Data were collected using a questionnaire consisting of two sections. The first section included demographic data on age, gestational age of the fetus, education level, number of tooth brushing times, and economic status. The second section contained data on the periodontal status assessment based on the CPITN. Several indices cover the progression and etiology of periodontal disease and are used by clinicians to describe the changes in oral tissues (
24). Ainamo et al. developed this index (
25), and the World Health Organization (WHO) modified the index twice in 1987 and 1997. One of the two versions of this index is the partial CPITN, which examines 10 teeth, and the other version is the full-mouth CPITN, which evaluates 28 teeth (
26). The CPITN is primarily a screening procedure, which requires clinical assessments for the presence or absence of periodontal pockets, calculus, and gingival bleeding. The depth of the probe is measured using a Williams calibrated probe and a mirror in the six areas surrounding the teeth, including the mesiobuccal, midbuccal, distobuccal, mesiolingual, midlingual, and distolingual areas.
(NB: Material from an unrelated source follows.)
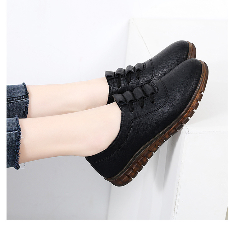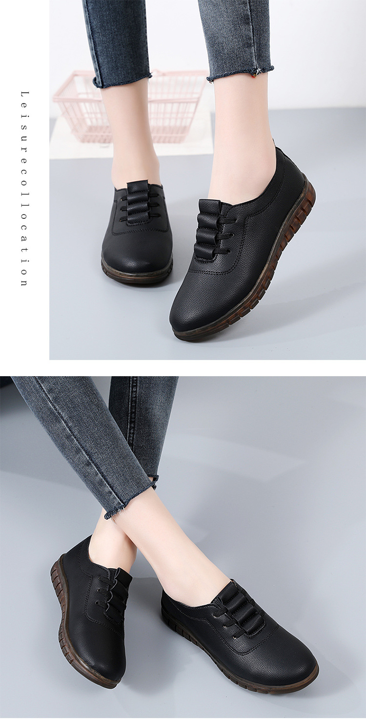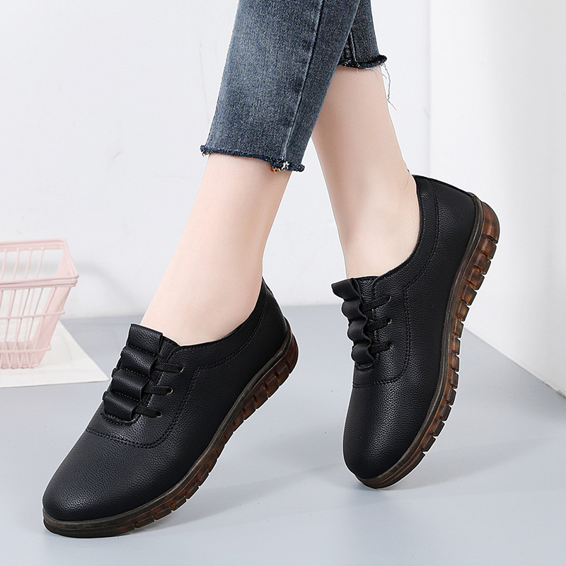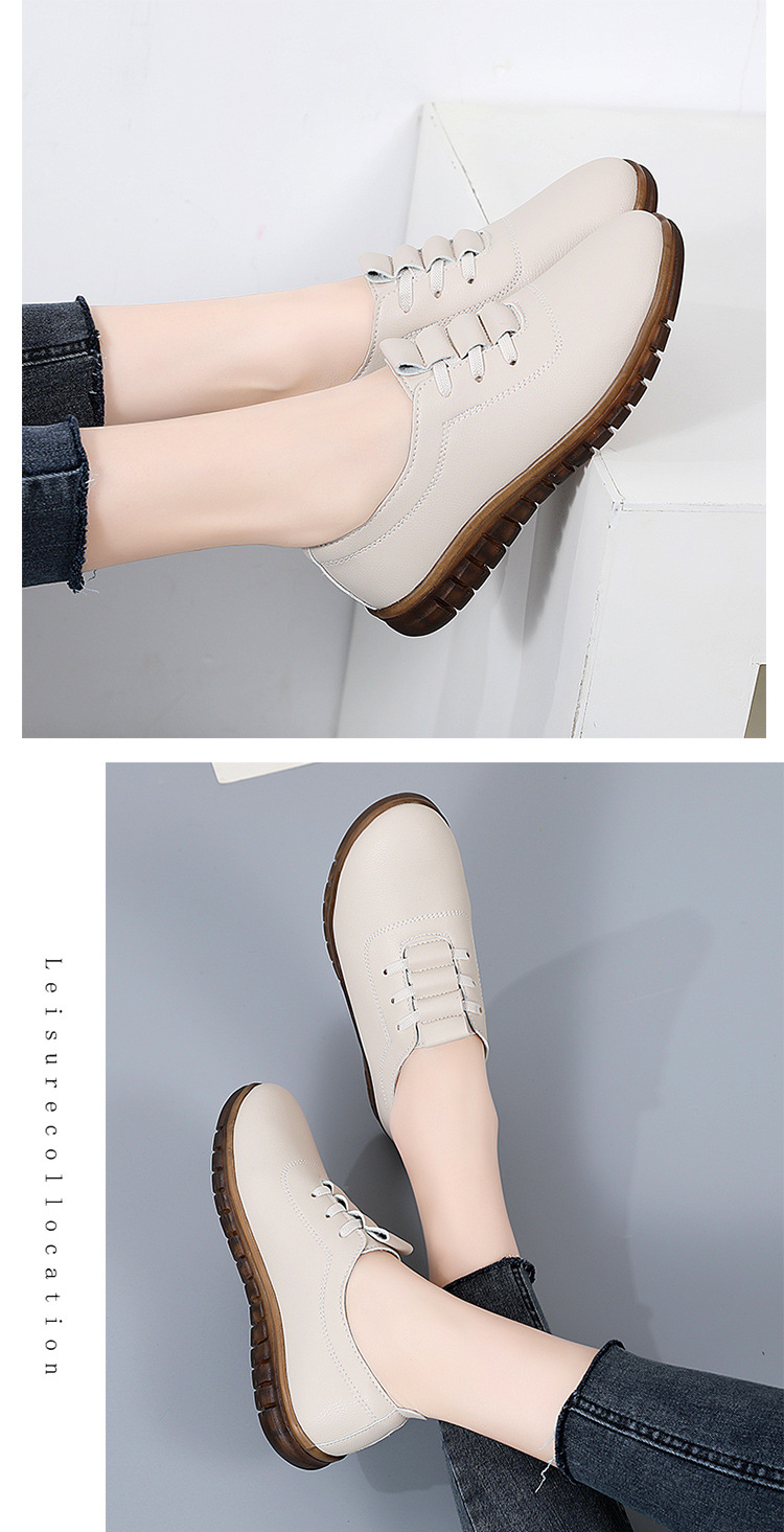 국경 간 새 콩 신발 여성의 부드러운 밑창 작은 흰색 신발 한 페달 속이 빈 플랫 밑창 어머니 신발 비 슬립 캐주얼 가죽 신발 여성용스토어 가기

Inflammation, mass, and plaque indices were examined in the present study, and the patients were coded based on the following periodontal index scale:
Code 0: Healthy periodontal status; Code 1: Bleeding with direct/indirect vision after probing; Code 2: Presence of mass and bleeding during probing with the black band completely visible on the probe; Code 3: Presence of a thin periodontal pocket (3 - 5 mm) with the black band on the probe along the gingival margin; Code 4: Presence of a periodontal pocket (≥ 6 mm) with no black band detected on the gums
Data analysis was performed in SPSS version 24 using descriptive statistics (mean, standard deviation, and percentage) and analytical statistics (independent t-test, chi-square, and one-way ANOVA). In all the statistical analyses, the significance level was considered to be 0.05.